The Center, located at 600 3rd Avenue in Manhattan, formally opened on March 14 with United States Ambassador to Australia, the Hon. Caroline Kennedy and Australian Ambassador to the United States, the Hon. Arthur Sinodinos AO in attendance, along with Rupert and Lachlan Murdoch, and Anthony Pratt.
“The Murdoch Center was made possible by a very generous grant from News Corp and Fox Corporation, and with the wonderful support of the Pratt Foundation,” said Craig Chapman, Chair of the Association. “Their investment in our future undergirds the values of freedom and democracy that our two great nations will always share.”
For 75 years, the American Australian Association has worked to strengthen the alliance between the two countries as a conduit of culture, commerce and community, opening doors to endless possibilities.

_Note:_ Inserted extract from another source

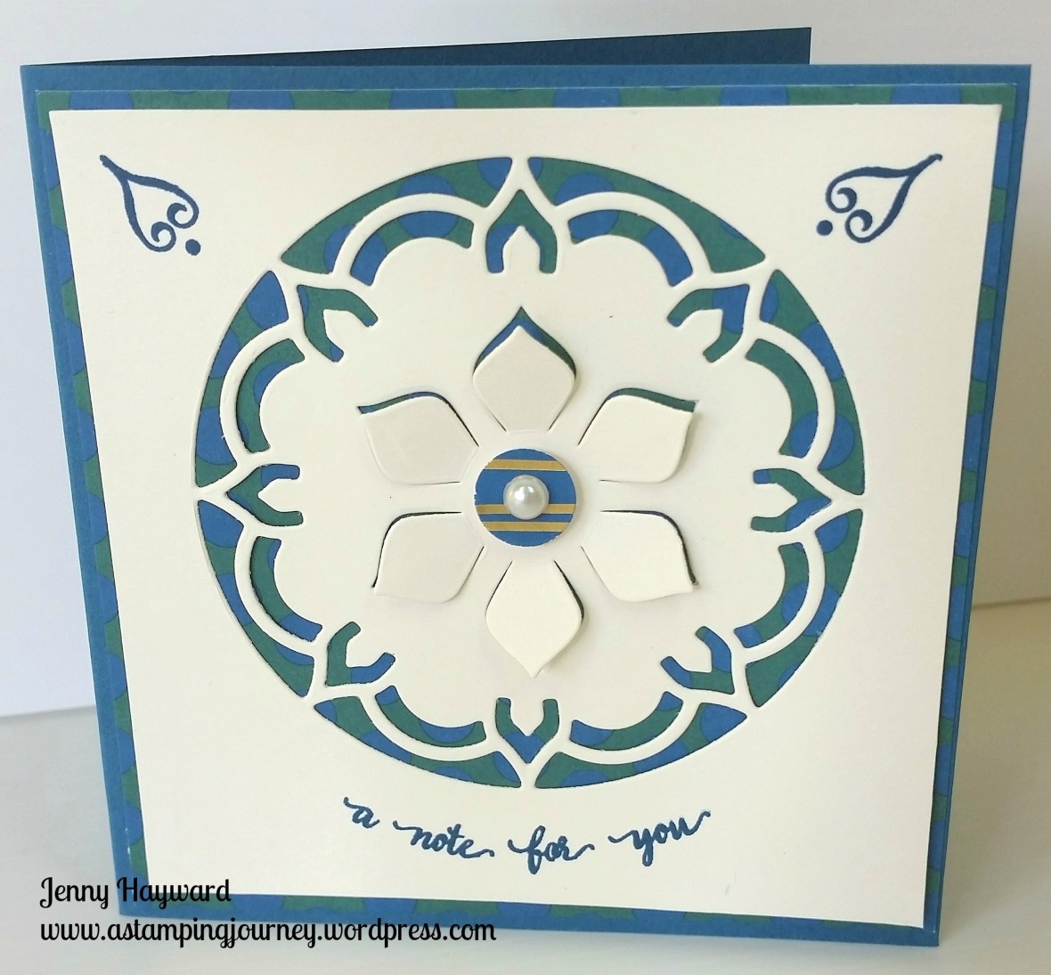 While I am waiting for my new Incolors to arrive I thought I would play with some different colours with the Eastern Palace suite. This time I have gone for a softer colour combination of Pool Party, Smoky Slate and Island Indigo.

The Murdoch Center will allow the Association to showcase the intellectual and artistic abilities of more than 1,000 graduate scholars, veterans and artists who have been awarded over US$15 million in grants by the Association. “We are very proud of our scholarship and exchange programs, which are designed to offer fair opportunities to Americans and Australians alike, becoming one of the largest Indigenous exchange programs between the United States and Australia,” said Amb. John Berry (retired), now President of the Association.

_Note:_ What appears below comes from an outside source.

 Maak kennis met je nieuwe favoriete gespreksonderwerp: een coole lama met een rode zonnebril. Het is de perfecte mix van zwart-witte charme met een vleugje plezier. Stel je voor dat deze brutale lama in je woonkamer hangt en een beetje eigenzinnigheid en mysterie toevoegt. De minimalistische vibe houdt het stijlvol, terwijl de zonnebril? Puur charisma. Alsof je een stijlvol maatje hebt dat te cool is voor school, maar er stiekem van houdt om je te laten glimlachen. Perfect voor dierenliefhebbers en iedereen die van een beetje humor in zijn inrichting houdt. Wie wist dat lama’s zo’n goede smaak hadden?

“I remember my father launching the American Australian Association 75 years ago. Australia had entered the Second World War as a member of the British Empire and ended having been saved by the United States, resulting in this new bilateral relationship becoming crucial. And what was true then is absolutely the case now, with the world facing many historic challenges, including the rise of a belligerent China. To further this understanding, the Association plays an important role in creating post-graduate scholarships for talented young Australian and American researchers, whose work has transformed and saved lives,” said Mr. Murdoch at the opening of the Murdoch Center. "Finally, I would just add, it means much to me to have Lachlan here today sharing in this important moment and continuing the family tradition. So, many thanks to all for what you have done for the Association and for what you surely will do for the two countries that I call home, Australia and the United States.”

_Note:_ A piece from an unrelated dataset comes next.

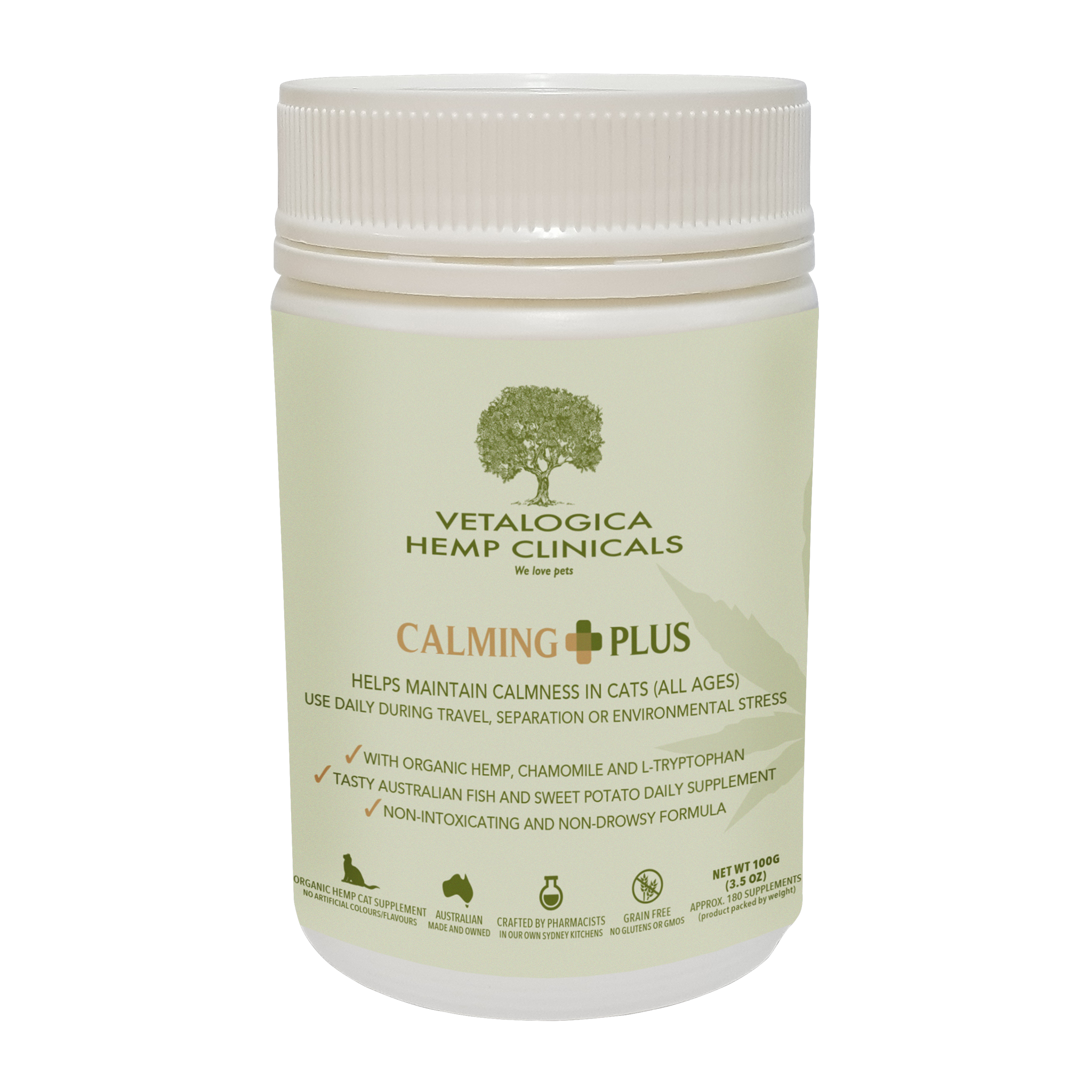 Vetalogica Hemp Clinicals Calming Cat Supplements (100g) contain a unique formula designed to gently calm and appease cats. With organic hemp, chamomile and L-tryptophan, these non-intoxicating supplements can be used to reduce stress during travel, a new environment, the introduction of new pets, or other anxiety-evoking situations. This supplements contains real Australian fish and sweet potato, and are completely free from grains, glutens, GMOs, or artificial colours and flavours.

“Australia’s relationship with America is our most important, and it’s never been stronger or closer thanks to organizations like this,” said Anthony Pratt, also speaking at the opening ceremony. He continued, “the Pratt Foundation is honored to support the establishment of the new center and I’m proud to be here tonight alongside Rupert and Lachlan Murdoch as we celebrate the 75th anniversary of this great Association.”
In the spirit of the evening, Ambassador Caroline Kennedy stated, “there is no more important relationship in the world right now than the US and Australia.”
The Murdoch Center will enable the United States Studies Centre in Sydney and the Perth USAsia Centre, part of the American Australian Association family, to bring their world class research from Australia to the United States. It will also empower the Association to carry forward its mission of deepening economic engagement between the two nations through business roundtables, conferences and in other gatherings that encourage trade, investment and innovation. Much of this work will come under the auspices of the Association’s Business Council, co-chaired by Lachlan Murdoch and former Association Chair, Jennifer Nason. The Murdoch Center will allow the Association to provide resources to arriving Australians and a home for the community in New York City.
Photos from the event: https://we.tl/t-6wBJwQdiu8
Photo Credit: Jenna Bascom Photography
Note to Editors: The photograph of the ribbon cutting features an Indigenous Artwork in the background, commissioned by the American Australian Association from the APY Art Centre Collective. The work is a collaboration between eight Indigenous women artists based in Adelaide, South Australia: Rhoda Tjitayi, Sandra Pumani, Josephine Mick, Tjimpuna Williams, Jennifer Ingkatji, Yaritji Heffernan, Leah Brady and Nyunmiti Burton.
L to R: Craig Chapman, Amb. Caroline Kennedy, Amb. John Berry (Ret.), Rupert Murdoch, Lachlan Murdoch, Anthony Pratt, Amb. Arthur Sinodinos & Jennifer Nason.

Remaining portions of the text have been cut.